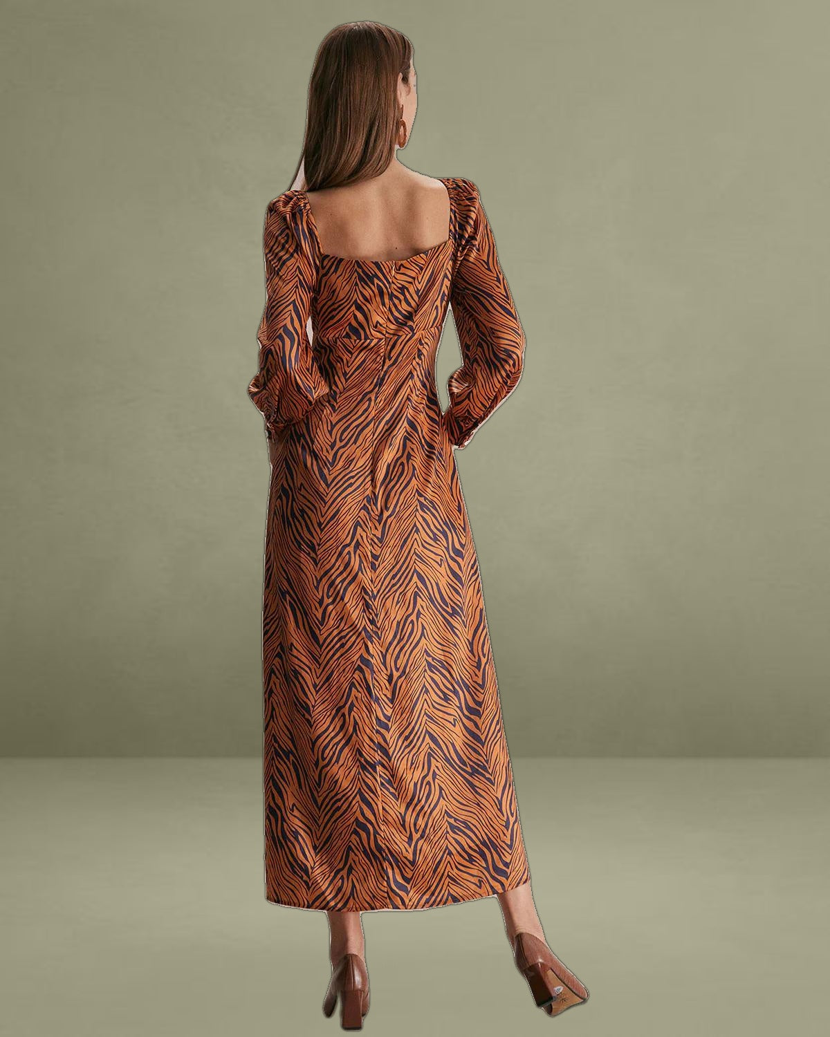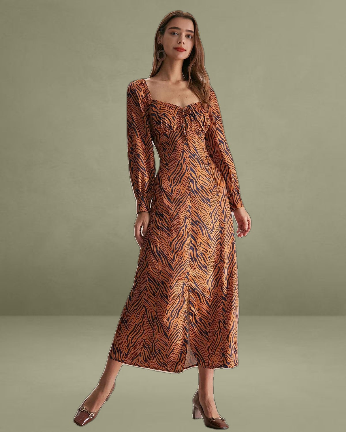 This Long Sleeve Maxi Dress is a perfect choice for any occasion. Its sweetheart neck, slit and slim fit accentuate your curves and make you feel confident and beautiful. The tie front, zebra print and zipper design adds a feminine touch and makes this dress perfect for any occasion. Whether you're going out on a date or attending a formal event, this dress is sure to turn heads and make you feel fabulous.
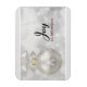 Um ímã com um design de feriado mágico. Apresentando uma bola prateada de Natal com decorações em flocos de neve e terminando com um bonito arco prateado. O fundo é uma ilustração de luzes de prata com estrelas elegantes espalhadas por toda parte. Texto diz: Joy to the world.
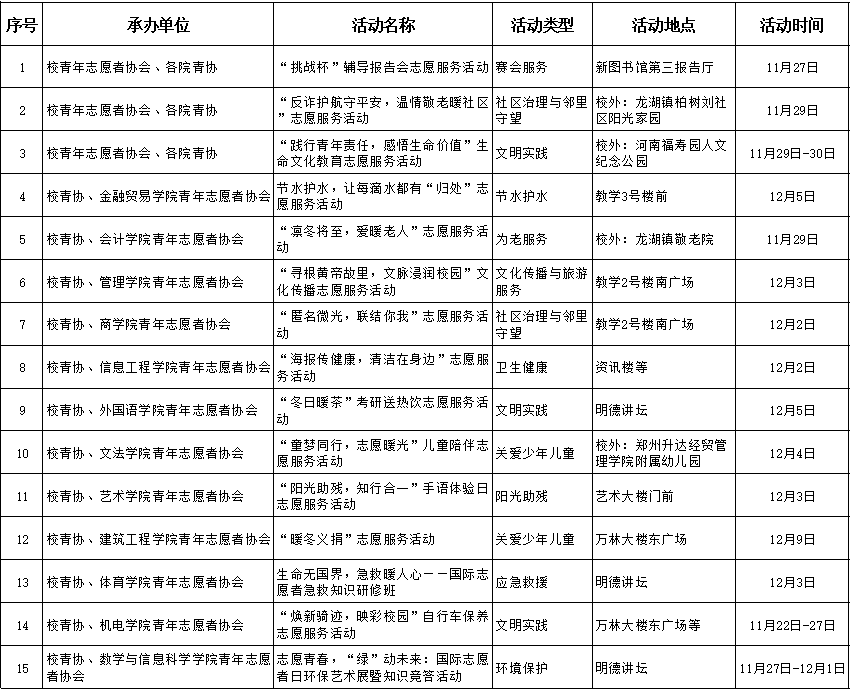 各级团学组织、青年志愿服务团体:
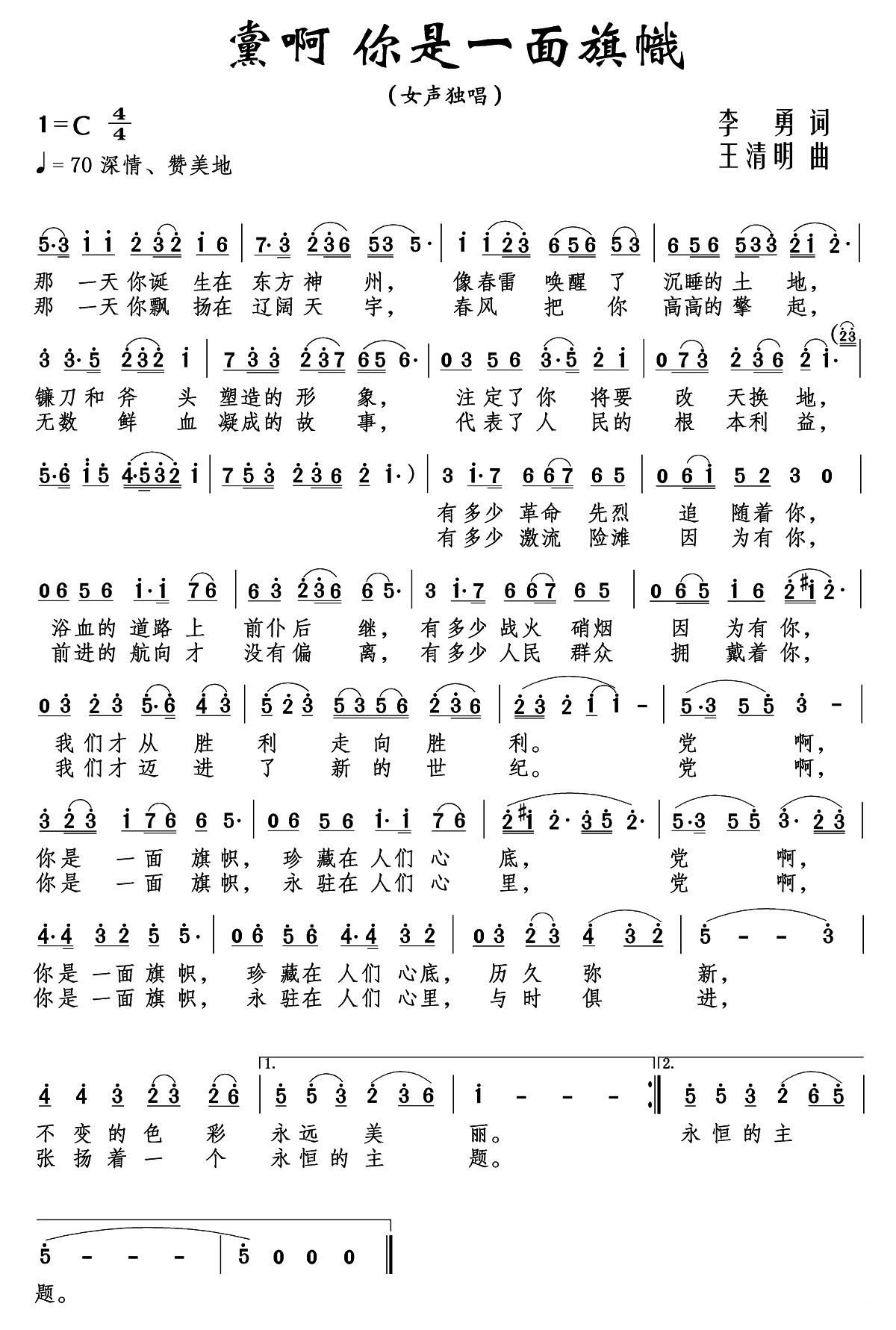 > 党啊 你是一面旗帜 又名 党啊 你是一面旗帜
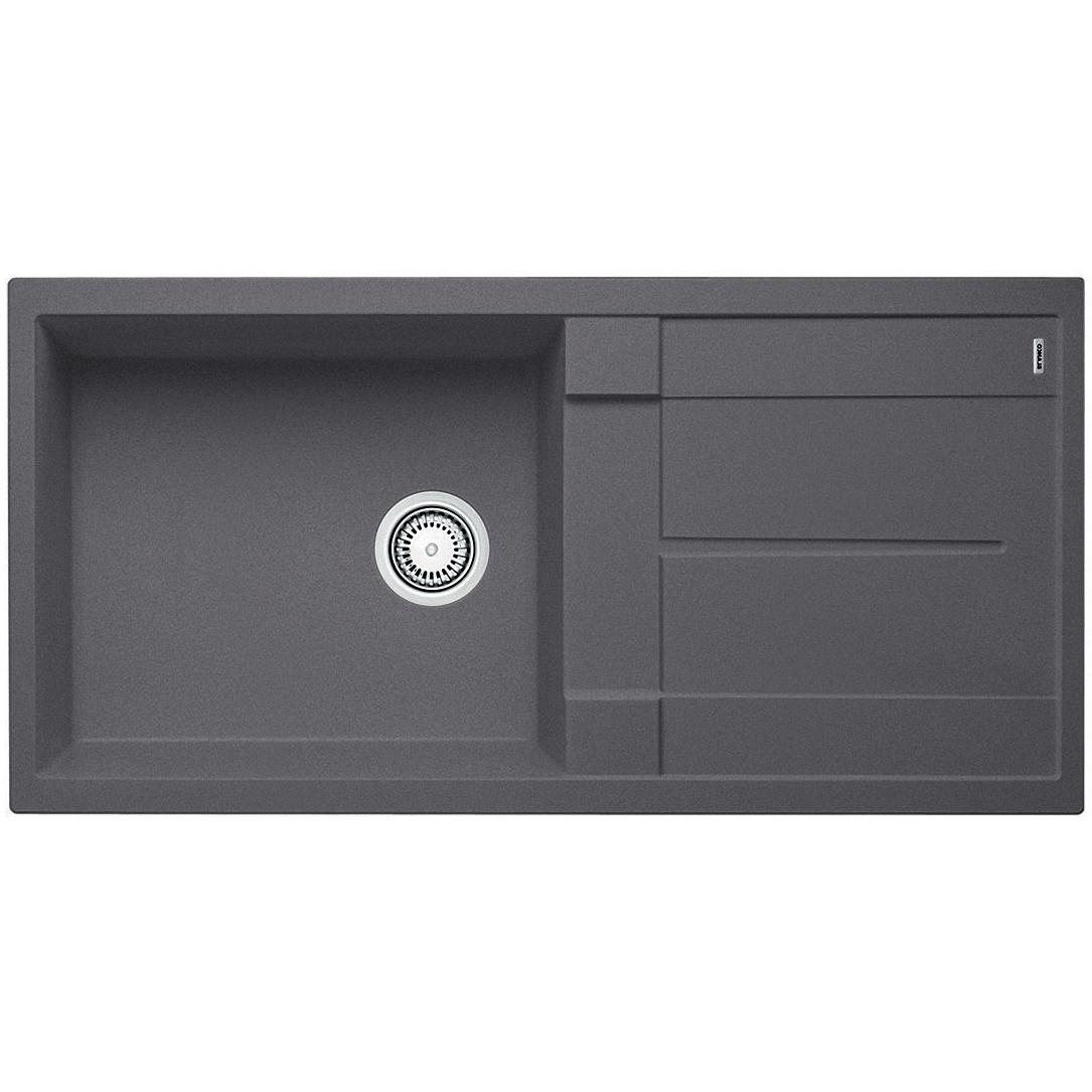 Stor silgranitt vask med avrenningsplate. Designet har rene enkle linjer.
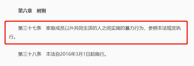 但是《中华人民共和国反家庭暴力法》附则第三十七条明确规定:家庭成员以外共同生活的人之间实施的暴力行为,参照本法规定执行。
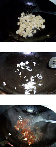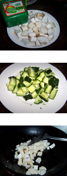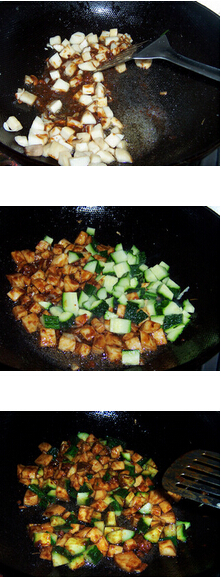 3.另起鍋,注入油,爆香蔥碎,加入1大勺豆瓣醬和糖,煸炒均勻。 4.加入煸炒好的杏鮑菇丁,翻炒均勻,再加入黃瓜丁,胡蘿卜丁,繼續(xù)煸炒,煸炒至每粒杏鮑菇和黃瓜丁都能夠均勻沾滿醬汁,加入雞精調(diào)味即可。
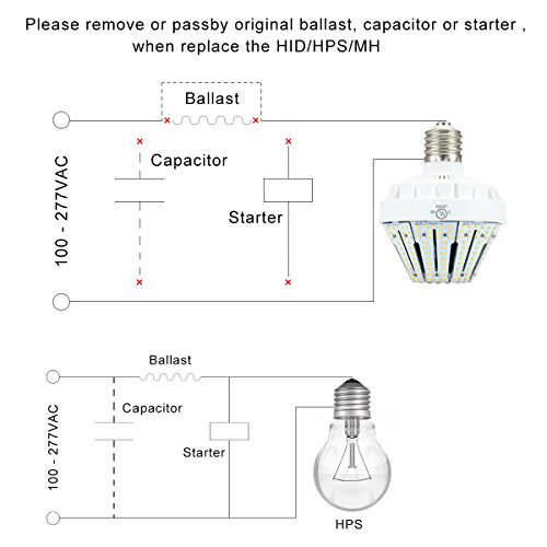 - EASY INSTALLATION - Bulb comes in 6000k light temperatures, and has an E39 mogul screw base, making it a super easy LED retrofit and incandescent/metal-halide replacement. In most cases, just screw in. In others, since LEDs use a driver and not a ballast, you must bypass the ballast (Halide and other bulb types). Consult your electrician.
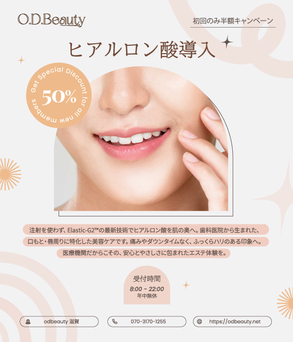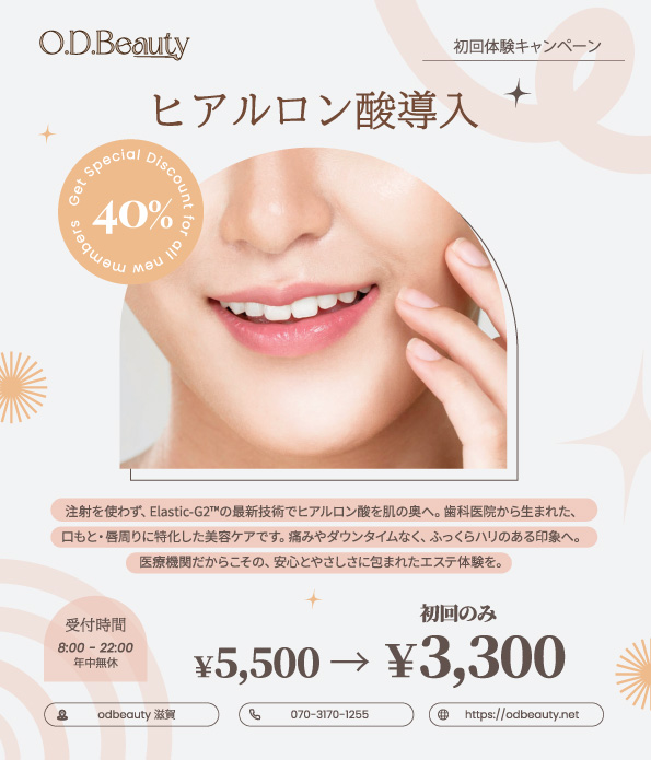 注射を使わず、Elastic-G2™の最新技術でヒアルロン酸を肌の奥へ。歯科医院から生まれた、口もと・唇周りに特化した美容ケアです。痛みやダウンタイムなく、ふっくらハリのある印象へ。医療機関だからこその、安心とやさしさに包まれたエステ体験を。

AIM OF THE EXERCISE - Repeat the listing exactly, pictures excluded.

EXERCISE OUTPUT -
 This Long Sleeve Maxi Dress is a perfect choice for any occasion. Its sweetheart neck, slit and slim fit accentuate your curves and make you feel confident and beautiful. The tie front, zebra print and zipper design adds a feminine touch and makes this dress perfect for any occasion. Whether you're going out on a date or attending a formal event, this dress is sure to turn heads and make you feel fabulous.
 Um ímã com um design de feriado mágico. Apresentando uma bola prateada de Natal com decorações em flocos de neve e terminando com um bonito arco prateado. O fundo é uma ilustração de luzes de prata com estrelas elegantes espalhadas por toda parte. Texto diz: Joy to the world.
 各级团学组织、青年志愿服务团体:
 > 党啊 你是一面旗帜 又名 党啊 你是一面旗帜
 Stor silgranitt vask med avrenningsplate. Designet har rene enkle linjer.
 但是《中华人民共和国反家庭暴力法》附则第三十七条明确规定:家庭成员以外共同生活的人之间实施的暴力行为,参照本法规定执行。
 3.另起鍋,注入油,爆香蔥碎,加入1大勺豆瓣醬和糖,煸炒均勻。 4.加入煸炒好的杏鮑菇丁,翻炒均勻,再加入黃瓜丁,胡蘿卜丁,繼續(xù)煸炒,煸炒至每粒杏鮑菇和黃瓜丁都能夠均勻沾滿醬汁,加入雞精調(diào)味即可。
 - EASY INSTALLATION - Bulb comes in 6000k light temperatures, and has an E39 mogul screw base, making it a super easy LED retrofit and incandescent/metal-halide replacement. In most cases, just screw in. In others, since LEDs use a driver and not a ballast, you must bypass the ballast (Halide and other bulb types). Consult your electrician.
 注射を使わず、Elastic-G2™の最新技術でヒアルロン酸を肌の奥へ。歯科医院から生まれた、口もと・唇周りに特化した美容ケアです。痛みやダウンタイムなく、ふっくらハリのある印象へ。医療機関だからこその、安心とやさしさに包まれたエステ体験を。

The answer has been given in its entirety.